Currently, licensed growers in Canada must list CBD and THC levels, and test for things like pesticides.

But the naming conventions under which pot will be sold are unregulated.

“If you want to be taken seriously on this and want to get into a real agricultural game where we’re breeding varieties of marijuana like we breed strawberries, tomatoes and potatoes, we’re not going to be able to just throw names around like this forever,” Myles says.

Drilling into genetics

The potential problems that crop up if pot isn’t clearly classified aren’t lost on the commercial growers.

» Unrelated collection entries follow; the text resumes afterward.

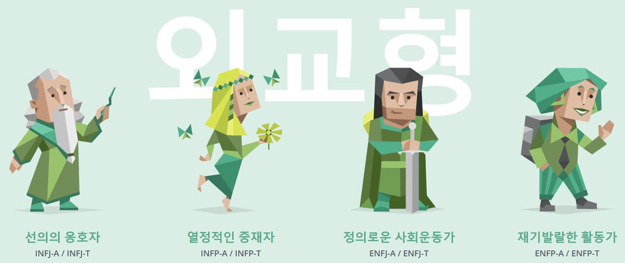 - ENFP(재기발랄한 활동가) : 긍정적인 성격으로 사람들과 자유롭게 어울리기를 좋아하며 창의적이고 항상 재밌는 것을 찾아다니는 무한 열정의 소유자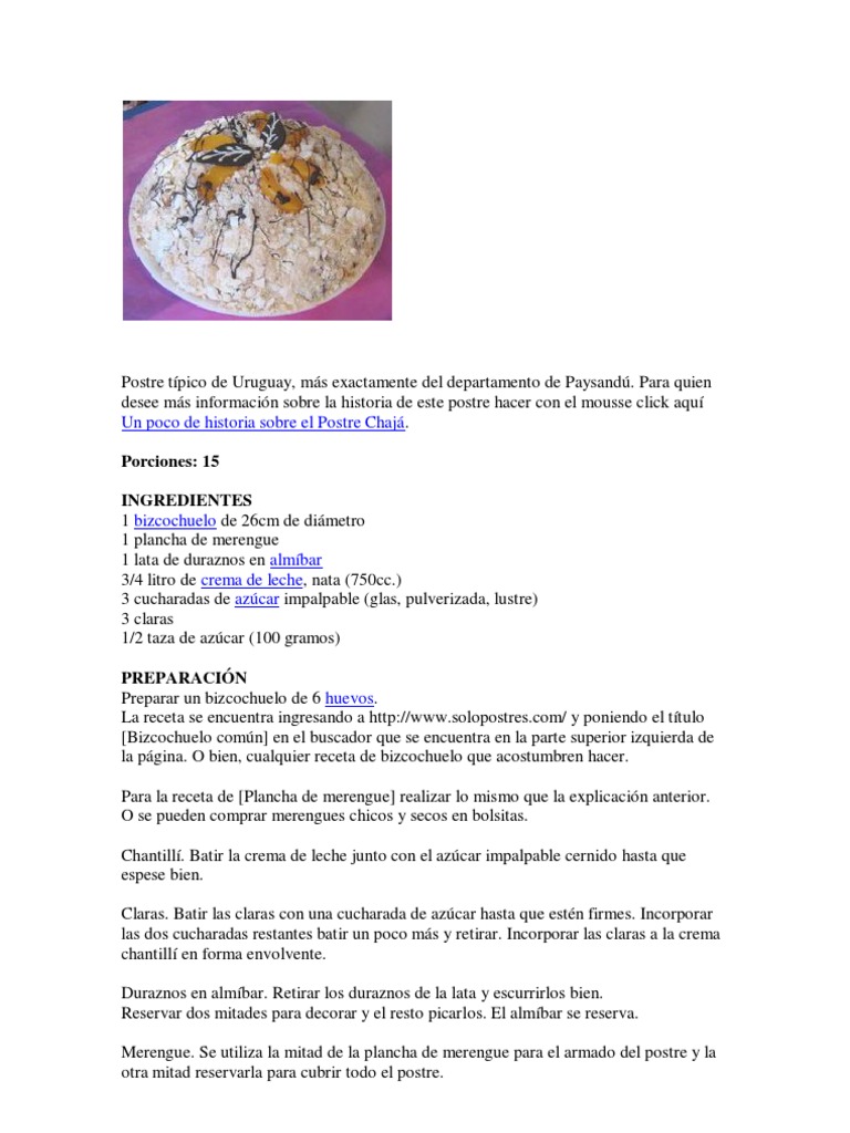 Para quien desee ms informacin sobre la historia de este postre hacer con el mousse click aqu Un poco de historia sobre el Postre Chaj. Porciones: 15 INGREDIENTES 1 bizcochuelo de 26cm de dimetro 1 plancha de merengue 1 lata de duraznos en almbar 3/4 litro de crema de leche, nata (750cc.) 3 cucharadas de azcar impalpable (glas, pulverizada, lustre) 3 claras 1/2 taza de azcar (100 gramos) PREPARACIN Preparar un bizcochuelo de 6 huevos. La receta se encuentra ingresando a http://www.solopostres.com/ y poniendo el ttulo [Bizcochuelo comn] en el buscador que se encuentra en la parte superior izquierda de la pgina. O bien, cualquier receta de bizcochuelo que acostumbren hacer. Para la receta de [Plancha de merengue] realizar lo mismo que la explicacin anterior. O se pueden comprar merengues chicos y secos en bolsitas. Chantill. Batir la crema de leche junto con el azcar impalpable cernido hasta que espese bien. Claras. Batir las claras con una cucharada de azcar hasta que estn firmes. Incorporar las dos cucharadas restantes batir un poco ms y retirar. Incorporar las claras a la crema chantill en forma envolvente. Duraznos en almbar. Retirar los duraznos de la lata y escurrirlos bien. Reservar dos mitades para decorar y el resto picarlos. El almbar se reserva. Merengue. Se utiliza la mitad de la plancha de merengue para el armado del postre y la otra mitad reservarla para cubrir todo el postre.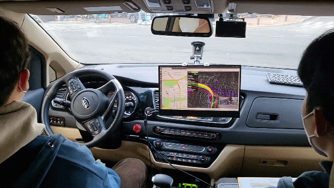 지난달 26일 기자가 탑승한 카카오모빌리티 자율주행 택시가 경기 성남시 판교의 한 교차로에서 자동으로 핸들을 꺾어 부드럽게 좌회전하고 있다.어, 무단횡단하는 사람이? 기자 얘기가 나오자마자 자율주행 택시가 스스로 차선을 바꿨다. 그렇게 도로 한가운데를 가로지르던 무단횡단 노인을 자연스럽게 피했다. 핸들에 손을 댄 사람은 아무도 없었다.지난달 26일 경기 성남시 판교알파돔 빌딩 앞. 시범 운영 중인 카카오모빌리티의 자율주행 택시를 기자가 직접 카카오 T앱으로 탑승해 봤다. 검은 밴에 오르니 직원들이 운전석과 조수석에 앉아 있었다. 운전대를 건드리지는 않지만 비상 상황 때는 사람이 개입해야 하기 때문이다. 차량 안에는 카메라와 라이더 등 센서를 통해 주변 차량의 진행 방향, 장애물, 신호등 등 교통상황을 실시간으로 확인할 수 있는 모니터도 장착돼 있었다.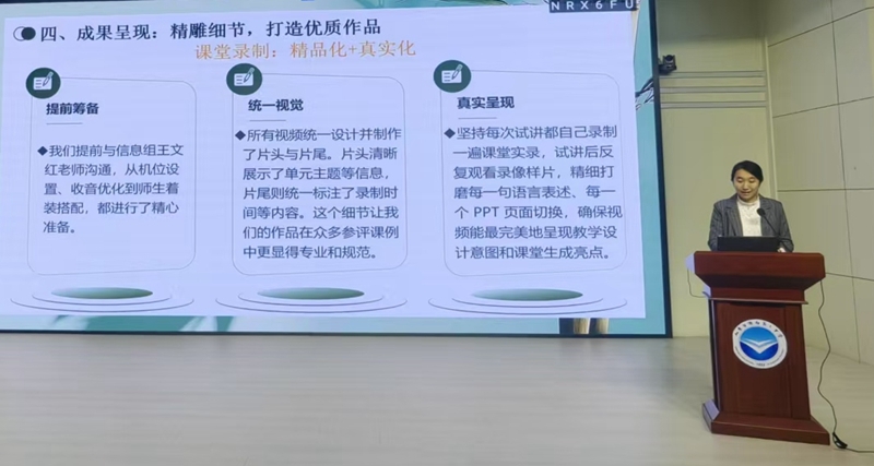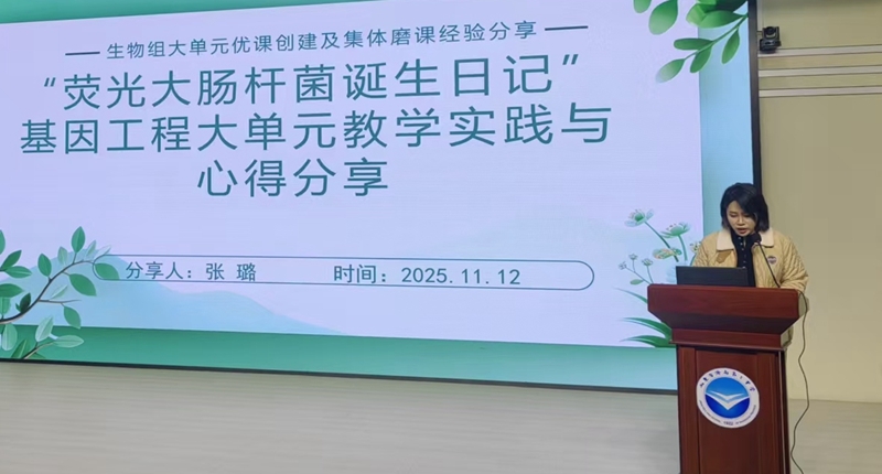 生物组张璐老师则以“内容重构、工程思维”为主题,分享了团队的创作思路与实践感悟。张老师提到,优课创作不仅是课程产品的产出,更是团队成员专业素养的集体提升,通过跨年级、跨学段的研讨交流,大家碰撞出思维火花,也形成了 “分工协作、互助共进” 的团队氛围。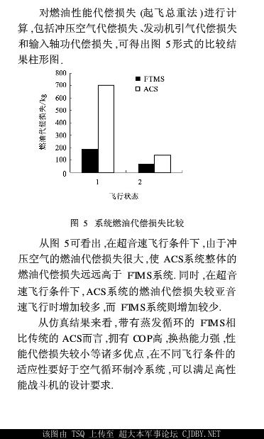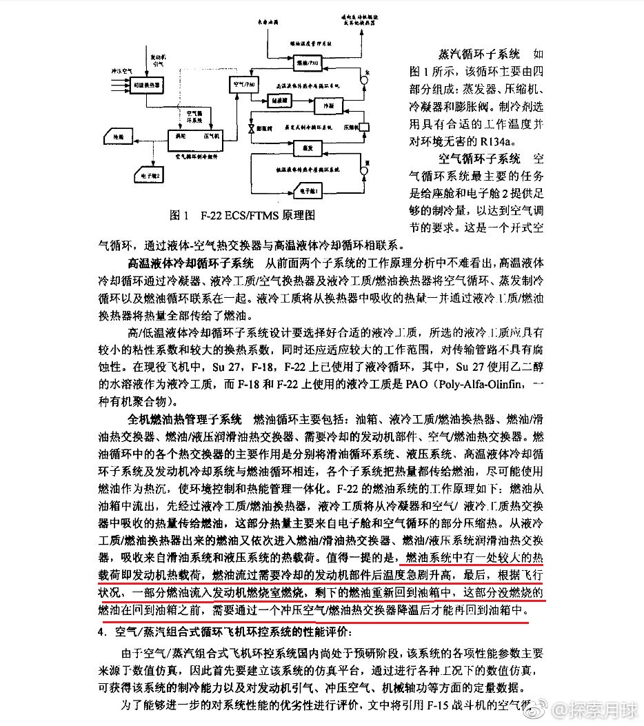 四代戰鬥機(包括F/A-18E/F)為何使用燃油冷卻電子設備?這是因為四代機要考慮隱形而開的口蓋要少,另外四代機的航空電子設備越來越複雜產生熱量大大增加,傳統的空氣製冷效率不高,而四代機的燃油係數普遍較高,利用燃油可以比空氣製冷有更高的效率和減少機身上的口蓋,最後利用燃油冷卻對真正冷卻用燃料更為節省。那麼為何燃油冷卻比傳統空氣冷卻更節省燃料?原因不復雜:傳統空氣冷卻需要從發動機引高温高壓氣體,這些高温高壓氣體通過一些口蓋引入的外界空氣冷卻後再膨脹降温給人員呼吸和電子設備冷卻,在這個過程中,發動機的高温高壓空氣是通過燃燒燃油驅動壓氣機獲得的,需要消耗能量,而冷卻空氣是通過機身上開口蓋引入的,這增加了空氣阻力,進而需要消耗掉髮動機的部分推力;而利用燃油冷卻時,燃油温度上升後被髮動機燒掉,這個冷卻基本不消耗能量,但燃油和電子設備之間進行熱交換過程中的一些熱循環過程需要能量來實現,這些能量也來自於燃油驅動發動機後再變成電能來進行驅動,這部分能量需求折算成燃油並不多,比傳統空氣製冷要少。下面是一些論文中對燃油熱沉和傳統空氣製冷循環的比較,會發現燃油熱沉消耗的能量比傳統空氣製冷循環更少。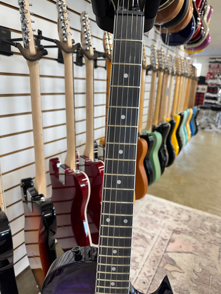 The Jackson JS Series Monarch SC delivers professional-grade performance at an accessible price point. This solidbody electric features a contoured body for superior comfort during extended playing sessions, paired with a responsive neck designed for smooth playability across all frets. The Transparent Purple Burst finish showcases striking visual appeal while the JS22Q configuration includes quality hardware and electronics built to handle both studio work and live performance. Ideal for intermediate to advanced players seeking a versatile instrument that balances tone, playability, and value.

With legalization on the near horizon, big weed companies are already turning attention to careful breeding of cannabis.

In Leamington, Ont., Aphria is expanding its greenhouse capacity tenfold to one million square feet.

“It’s a huge investment, but we are preparing ourselves for what we hope is going to be the recreational market come July,” says Cole Cacciavillani, Aphria’s co-founder.

His father, an Italian immigrant, started a wholesale flower business decades ago growing holiday flowers like Easter Lilies and Poinsettias for large grocery chains. Whether Poinsettias or cannabis, says the son, who helped switch the business to weed four years ago, it’s still about growing potted plants for profit.

Aphria has been producing cannabis for the medicinal market and secured a deal in December to supply Shoppers Drug Mart subject to Health Canada approval.

“The money is starting to flow into the science behind what’s in this plant,” Cacciavillani says.

Canopy Growth, a large cannabis company in Smiths Falls, Ont., is actively breeding pot and drilling into its genetics to create new strains. There’s potentially big money at stake when it comes to standardizing those strains and protecting their genetic purity.

“We’ll go to a lot of effort to document the stability of the genetics, the traits, so ultimately we can have plant breeders rights and protect the varieties going into the future,” says Mark Zekulin, Canopy’s president.

He holds a sample of bud in his hand as he describes a hybrid marriage of the future.

“What you’re looking at is a cross between Candyland and Apple Pie, two different varieties. The Candyland selected for its beautiful color and texture, matched with Apple Pie for the strength of the bud and the plant.

“It may turn out to be the next great genetic [strain].”